++++ Material to process

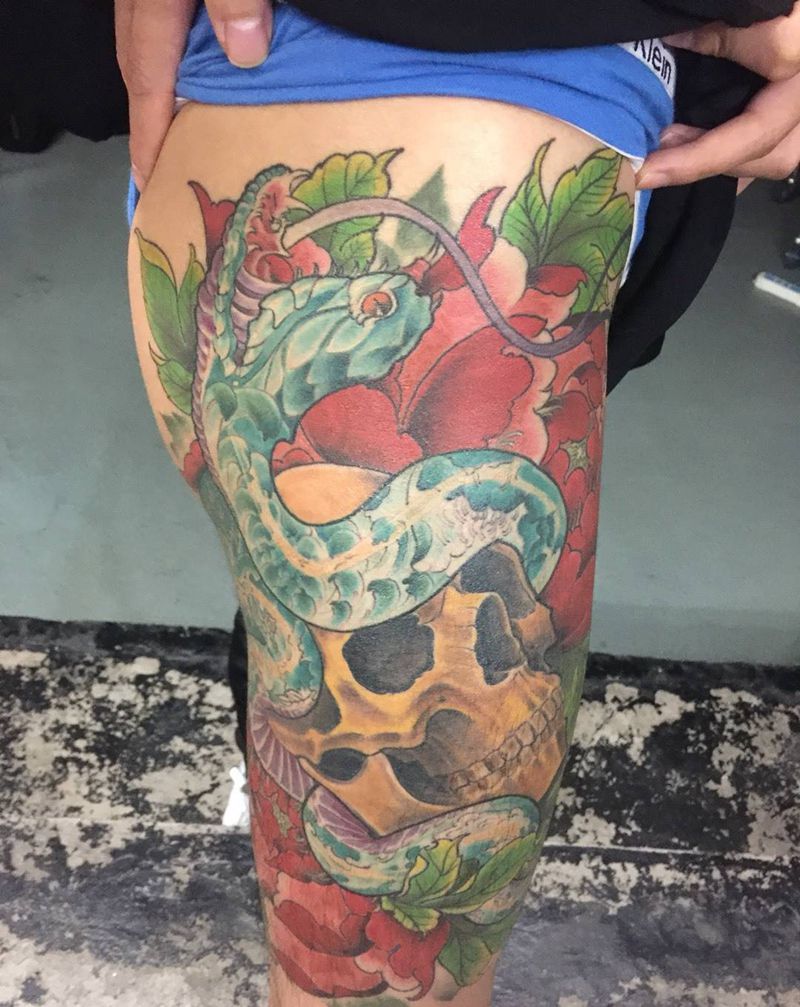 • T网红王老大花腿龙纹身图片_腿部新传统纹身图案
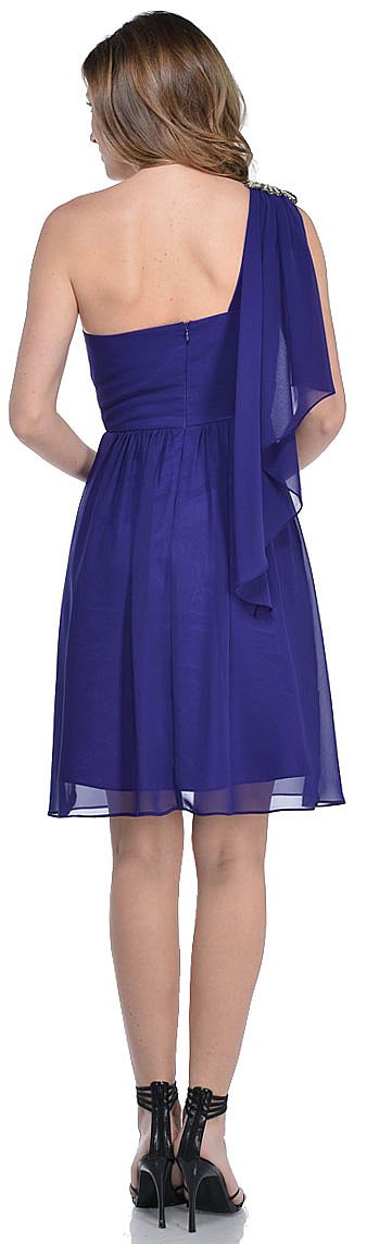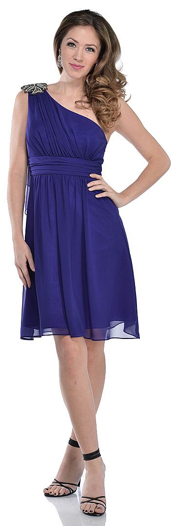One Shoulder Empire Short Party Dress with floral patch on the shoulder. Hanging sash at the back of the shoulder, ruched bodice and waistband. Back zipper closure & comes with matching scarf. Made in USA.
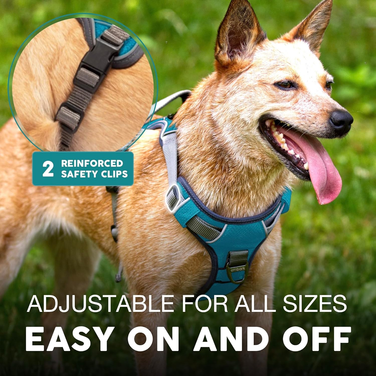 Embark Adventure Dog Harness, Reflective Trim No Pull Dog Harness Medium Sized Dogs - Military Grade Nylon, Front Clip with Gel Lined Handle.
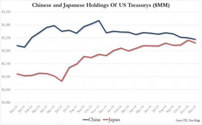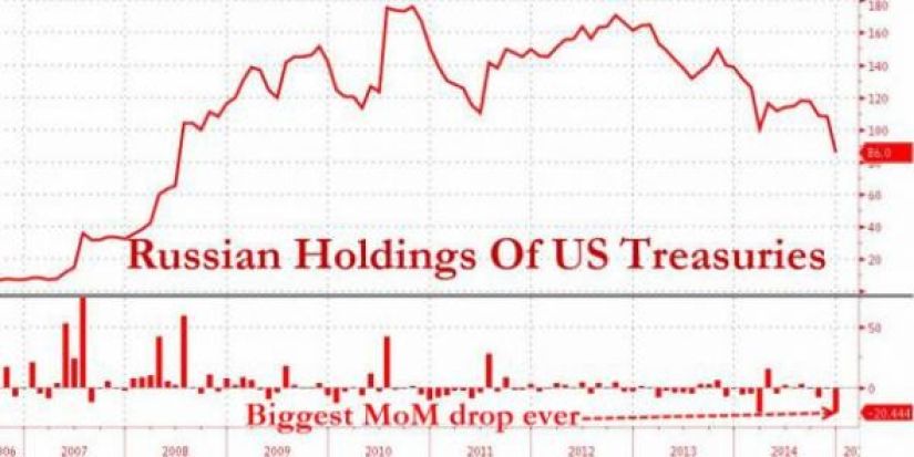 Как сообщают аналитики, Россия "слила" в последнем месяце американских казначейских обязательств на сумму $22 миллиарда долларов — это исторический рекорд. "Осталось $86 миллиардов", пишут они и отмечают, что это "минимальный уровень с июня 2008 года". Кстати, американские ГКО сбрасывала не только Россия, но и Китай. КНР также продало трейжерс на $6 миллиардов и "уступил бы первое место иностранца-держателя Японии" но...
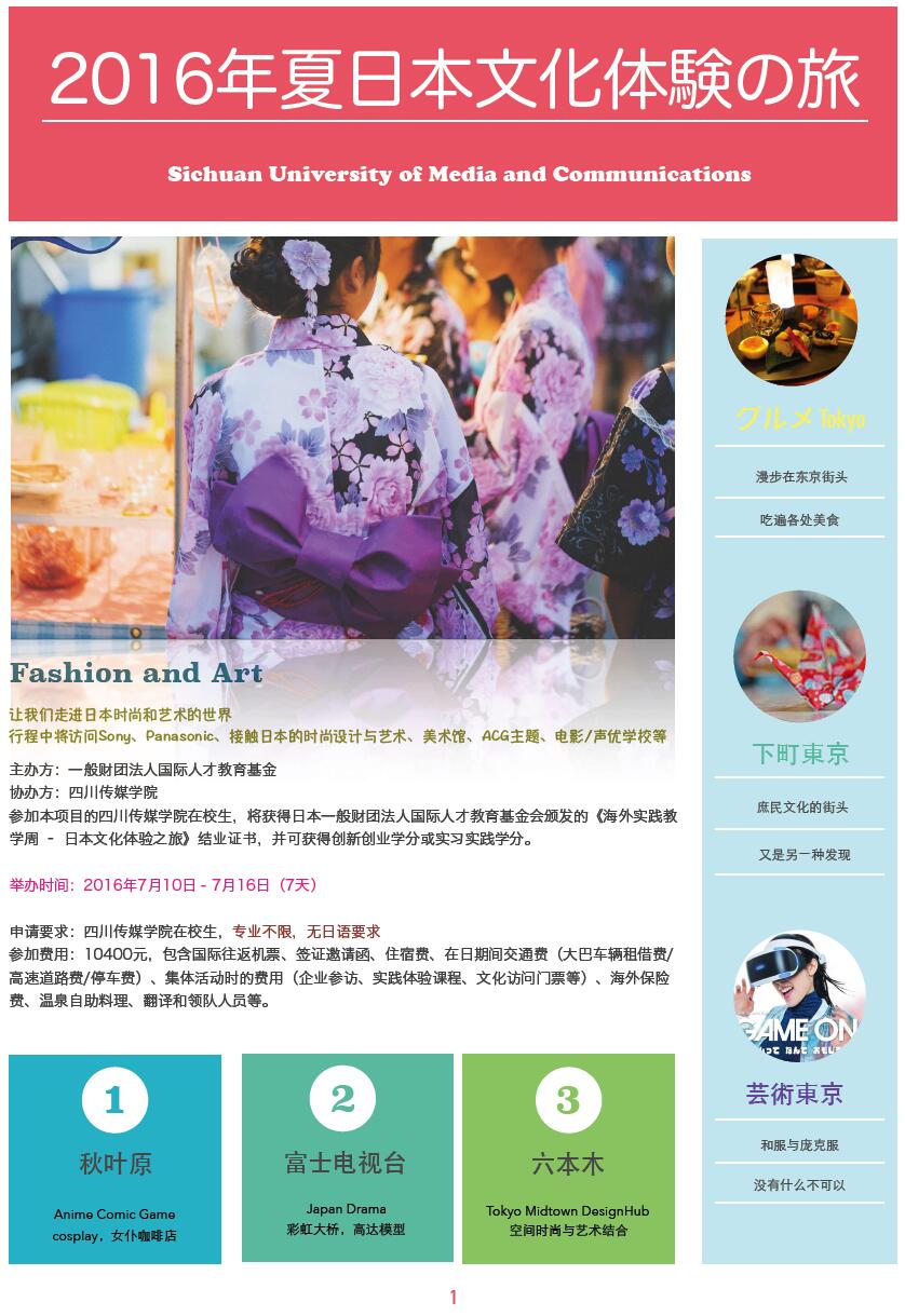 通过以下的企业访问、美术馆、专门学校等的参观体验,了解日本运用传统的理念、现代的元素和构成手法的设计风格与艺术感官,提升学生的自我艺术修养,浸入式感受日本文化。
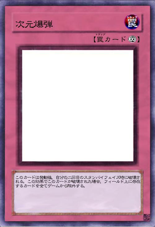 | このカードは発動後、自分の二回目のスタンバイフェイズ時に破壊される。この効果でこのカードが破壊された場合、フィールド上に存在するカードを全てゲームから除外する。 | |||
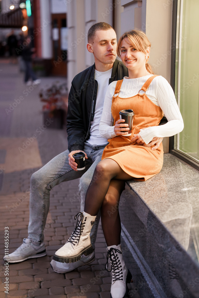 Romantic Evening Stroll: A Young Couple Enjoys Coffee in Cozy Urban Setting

++++++++
++++ Material to process

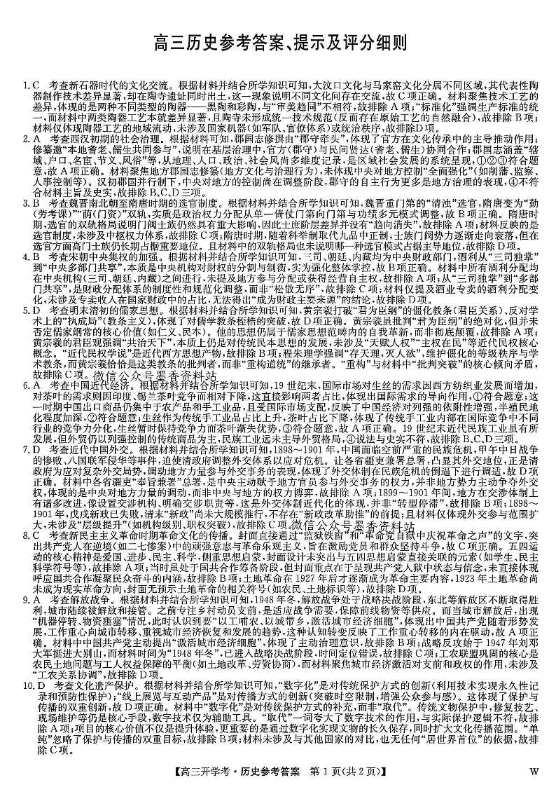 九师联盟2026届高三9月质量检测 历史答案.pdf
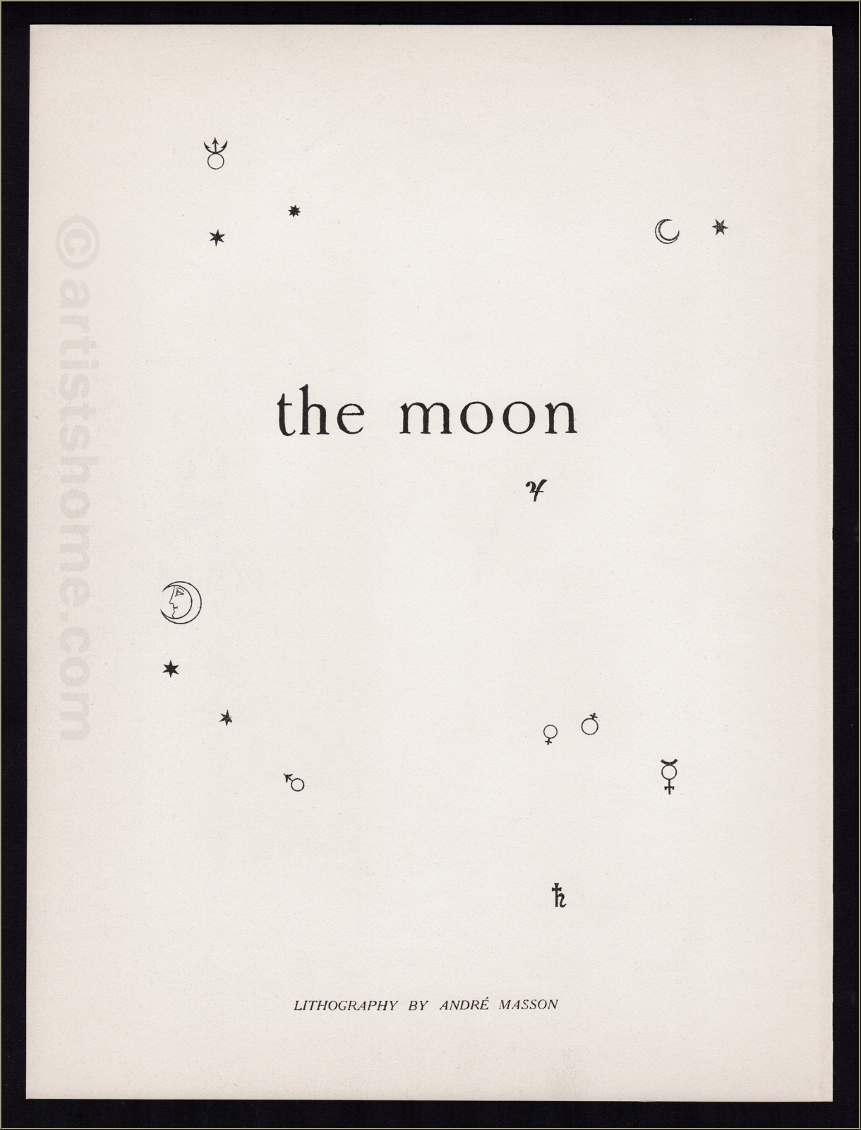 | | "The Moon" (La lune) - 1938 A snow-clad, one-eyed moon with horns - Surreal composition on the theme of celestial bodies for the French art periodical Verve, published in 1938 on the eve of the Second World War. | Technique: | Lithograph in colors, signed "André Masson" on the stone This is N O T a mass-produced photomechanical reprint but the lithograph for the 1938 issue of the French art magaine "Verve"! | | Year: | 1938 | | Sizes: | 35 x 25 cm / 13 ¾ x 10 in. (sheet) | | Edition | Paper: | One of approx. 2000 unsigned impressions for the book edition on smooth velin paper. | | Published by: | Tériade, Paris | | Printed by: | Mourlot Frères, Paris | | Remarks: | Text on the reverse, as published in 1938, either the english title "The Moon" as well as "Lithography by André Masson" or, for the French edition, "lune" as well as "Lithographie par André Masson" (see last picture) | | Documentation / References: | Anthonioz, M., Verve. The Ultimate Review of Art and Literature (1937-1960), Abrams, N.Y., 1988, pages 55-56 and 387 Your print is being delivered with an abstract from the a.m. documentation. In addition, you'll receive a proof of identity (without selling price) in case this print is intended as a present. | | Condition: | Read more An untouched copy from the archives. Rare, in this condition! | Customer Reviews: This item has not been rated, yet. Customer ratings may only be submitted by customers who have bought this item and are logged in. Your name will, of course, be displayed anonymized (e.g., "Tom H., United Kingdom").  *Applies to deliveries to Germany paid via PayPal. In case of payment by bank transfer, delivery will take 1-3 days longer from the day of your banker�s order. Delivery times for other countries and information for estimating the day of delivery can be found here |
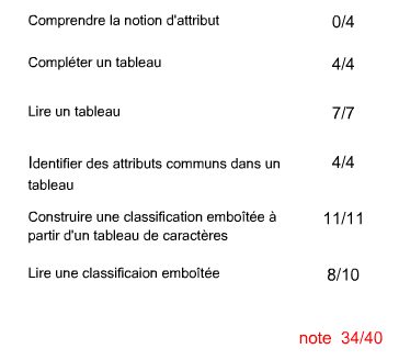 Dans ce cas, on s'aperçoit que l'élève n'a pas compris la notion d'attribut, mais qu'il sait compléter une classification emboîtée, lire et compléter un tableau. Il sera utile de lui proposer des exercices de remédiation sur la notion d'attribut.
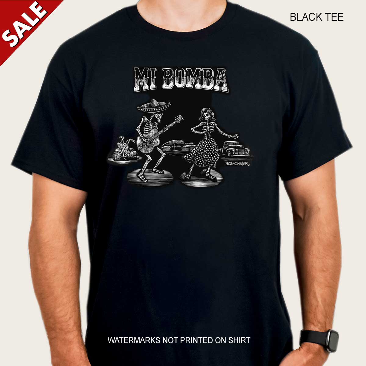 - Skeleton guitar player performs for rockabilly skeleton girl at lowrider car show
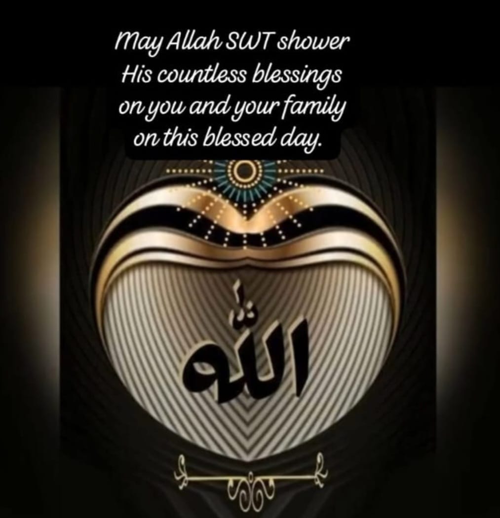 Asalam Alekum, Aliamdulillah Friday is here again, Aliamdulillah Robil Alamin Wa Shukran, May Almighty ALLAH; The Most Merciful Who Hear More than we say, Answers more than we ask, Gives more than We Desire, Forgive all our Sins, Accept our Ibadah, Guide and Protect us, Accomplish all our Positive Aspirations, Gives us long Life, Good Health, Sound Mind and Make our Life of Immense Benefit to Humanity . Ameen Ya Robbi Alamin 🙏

++++++++

* Exercise directions *
Above are records; repeat only the lines from the line with "- Skeleton guitar" through the line with "Asalam Alekum, Aliamdulillah", and leave pictures out.

* Reply *
 - Skeleton guitar player performs for rockabilly skeleton girl at lowrider car show
 Asalam Alekum, Aliamdulillah Friday is here again, Aliamdulillah Robil Alamin Wa Shukran, May Almighty ALLAH; The Most Merciful Who Hear More than we say, Answers more than we ask, Gives more than We Desire, Forgive all our Sins, Accept our Ibadah, Guide and Protect us, Accomplish all our Positive Aspirations, Gives us long Life, Good Health, Sound Mind and Make our Life of Immense Benefit to Humanity . Ameen Ya Robbi Alamin 🙏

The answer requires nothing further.